You can write your answers to the questions in a markdown cell like this

# Section 5 — Supervised learning (20%)

Build a simple predictive model to predict dissolution (`Diss_30min`) from formulation inputs.

## Tasks

1. Define:
   - `X` = inputs (same as Section 4)
   - `y` = `Diss_30min`

2. Split data into training and test sets (e.g., 80/20).

3. Train two models:
   - Linear regression
   - Random forest regression (or another model of your choice)

4. Evaluate test performance using:
   - MAE
   - RMSE
   - Comparing the scores to just predicting the mean of the dataset

6. Plot **predicted vs observed** for the test set.

## Questions

**Q9 (10%)** How well can dissolution be predicted from the available inputs?
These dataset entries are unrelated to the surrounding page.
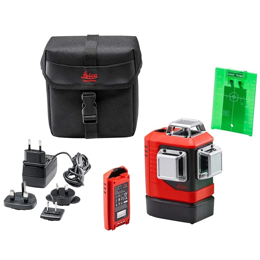Product Description Description: 360° green laser line projection for multi-directional alignment – perfect for large and bright environments. The laser’s vertical lines are easily adjusted once the plumb point (cross-section of two vertical lines), which is located outside the device, is set Features: Horizontal and two vertical 360° green laser lines Best visibility due to green Ultra-power laser diodes Self-leveling over wide range Fixed plumb point due to integrated base Adjustable strength of laser lines Operating range of up to 35 metres Li-Ion power for up to 11 h Uninterrupted working with Triple-Power concept Smart magnetic adapters versatile usage Technical Data: Beam horizontal 360° Beam vertical 2 x 360° Intersection points up, down, right, left, front, back (90° / 180°) Range / diameter* 35 m / 70 m (115 ft / 230 ft) Range / diameter* with Leica RGR 200 receiver 70 m / 140 m (230 ft / 460 ft) Levelling accuracy ± 0.2 mm/m (± 0.002 in/ft) Horizontal- and vertical line accuracy ± 0.3 mm/m (± 0.004 in/ft) Intersection point accuracy ± 0.2 mm/m (± 0.002 in/ft) Self-levelling range ± 4° Self-levelling time < 3 sec Fine adjustment ± 10° around vertical intersection point Out-of-level warning yes – blink lines every 5 s Levelling pendulum (lockable) Laser 525 nm / class 2 (acc. to IEC 60825-1) Protection class IP54 (dust and splash water) Battery type Lino Li-Ion battery pack 5200mAh / 18.7Wh or 3 x AA Alkaline Laser line intensity (selectable) 100 %, 75 %, 50 % Operating time with Li-Ion up to 11 h (3 beam, 50 % power) Operating time with Alkaline up to 8 h (3 beam, 50 % power) Dimensions 124 x 107 x 154 mm (4.88 x 4.21 x 6.06 in) Weight 781 g (1.71 lbs) Operation temperature -10 to +50° C (14 to 122° F) Storage temperature -25 to +70° C (-13 to +158° F) Laser line width @ 5 m distance (16.4 ft) < 2 mm (< 0.08 in) Tripod thread 1/4 in (5/8 in with adapter) Pulse power for receiver yes Kit Includes: Leica Lino L6G Li-Ion battery pack Charger for Li-Ion battery pack Battery tray for Alkaline Target plate Quick start guide Calibration Certificate Blue Carry Pouch UPC: 7640180530657 Enquiry Tell A Friend
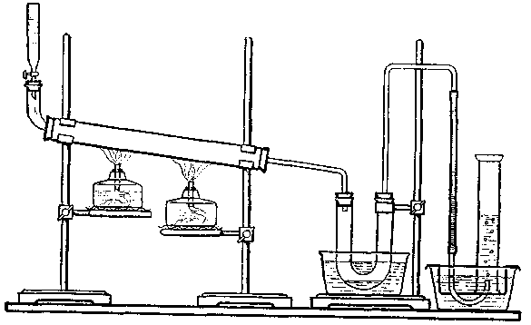 Если в нагреваемую на сильном пламени трубку (заполненную железными стружками для улучшения теплопередачи) пускать из воронки по каплям керосин или смазочное масло, очищенные от непредельных углеводородов (рис. 9), то в U-образной трубке вскоре будет собираться жидкость, а в цилиндре над водой — газ. Полученная жидкость, в отличие от взятой для реакции, обесцвечивает бромную воду, т. е. содержит непредельные соединения. Собранный газ хорошо горит и также обесцвечивает бромную воду.
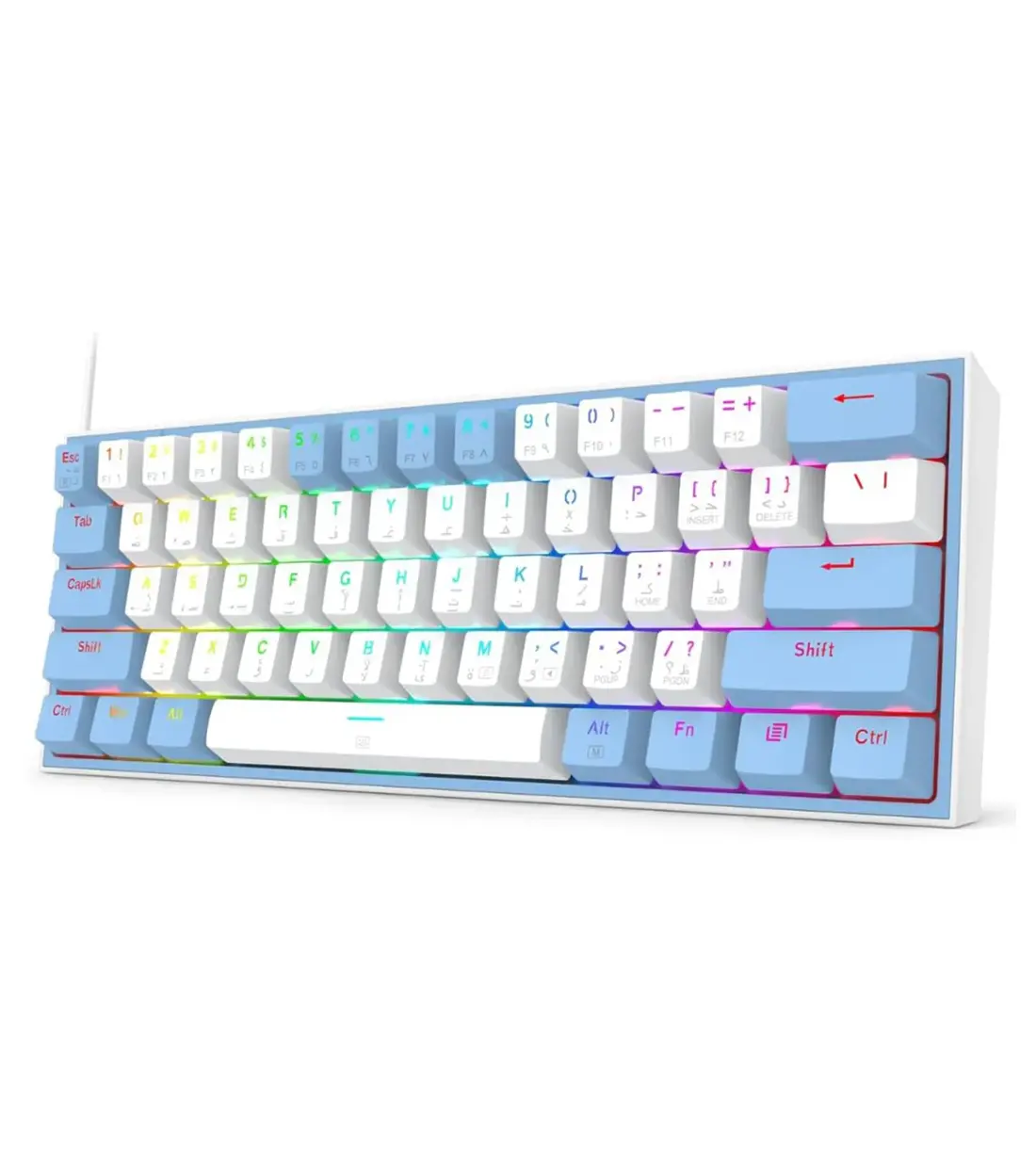 مهمترین ویژگی کیبورد Redragon K617 FIZZ، طراحی 60 درصد آن است. این طراحی به معنای حذف قسمت نامپد (Number Pad)، کلیدهای جهتنما و کلیدهای Function (F1-F12) است که باعث میشود کیبورد فوقالعاده کوچک و کمجا باشد. در دنیای گیمینگ، به خصوص در بازیهای FPS، فضای بیشتر برای حرکت آزادانه ماوس حیاتی است و این کیبورد دقیقاً همین فضا را برای شما فراهم میکند. ابعاد 292 میلیمتر عرض و 99 میلیمتر عمق، نشاندهنده جمعوجور بودن آن است. این سایز نه تنها میز شما را مرتبتر نشان میدهد، بلکه حمل و نقل کیبورد را برای مسابقات و جابجایی آسان میکند. با این حال، تمام عملکردهای حذف شده از طریق ترکیب کلیدهای Fn در دسترس هستند، بنابراین هیچ قابلیتی را از دست نمیدهید.
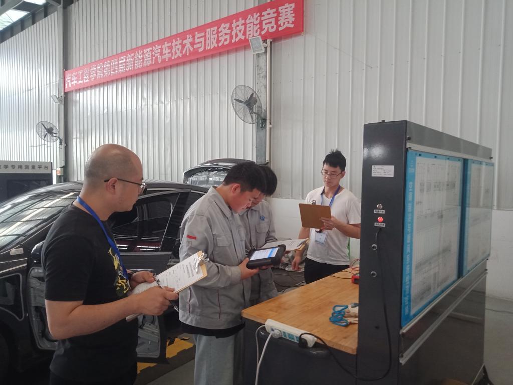 此次竞赛参照国赛赛项规程,结合新能源汽车技术专业特点,设置了吉利帝豪和比亚迪秦两个车型的整车故障诊断与检修项目,赛项对接纯电动汽车企业先进技术和行业标准,把真实工作要求融入比赛环节,侧重考察团队合作。
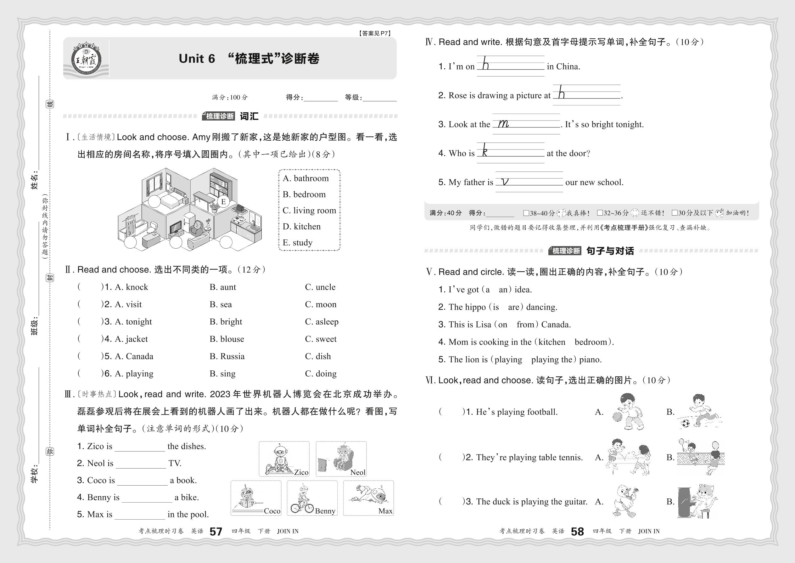 2024春下册四年级英语剑桥版 Unit 6 “梳理式”诊断卷
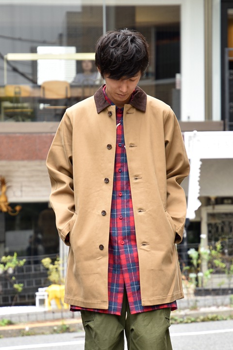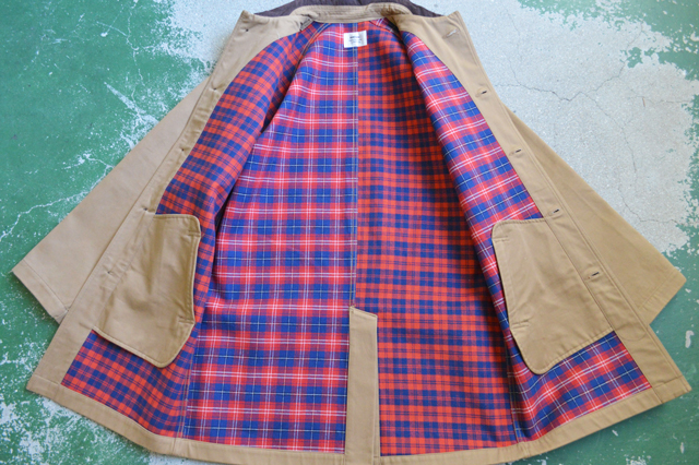 衿にコーデュロイ、身頃内側にチェック生地をボンディングした、着るほどに味わいの深まるステンカラーコート。

Does your model beat just predicting the mean of the dataset? Discuss limitations.

**Q10 (10%)** Which features appear important (if your model provides feature importance or coefficients)? Do they make formulation sense?


In [3]:
# Your code for Section 5 goes here


You can write your answers to the questions in a markdown cell like this

# Your code for Section 5 goes here



# Section 6 — Summary & recommendations (10%)

**Q11 (10%)** Write ~5 sentences summarising:

- key EDA findings
- key statistical results (include p-values where relevant)
- PCA/clustering findings
- model performance (include at least one metric)
- two practical recommendations for formulation development


---

## Academic integrity reminder

Use of AI tools is recommended for debugging/syntax, but make sure you check you understand code you are running before submitting. Your analysis and interpretations should be (at least mostly!) your own.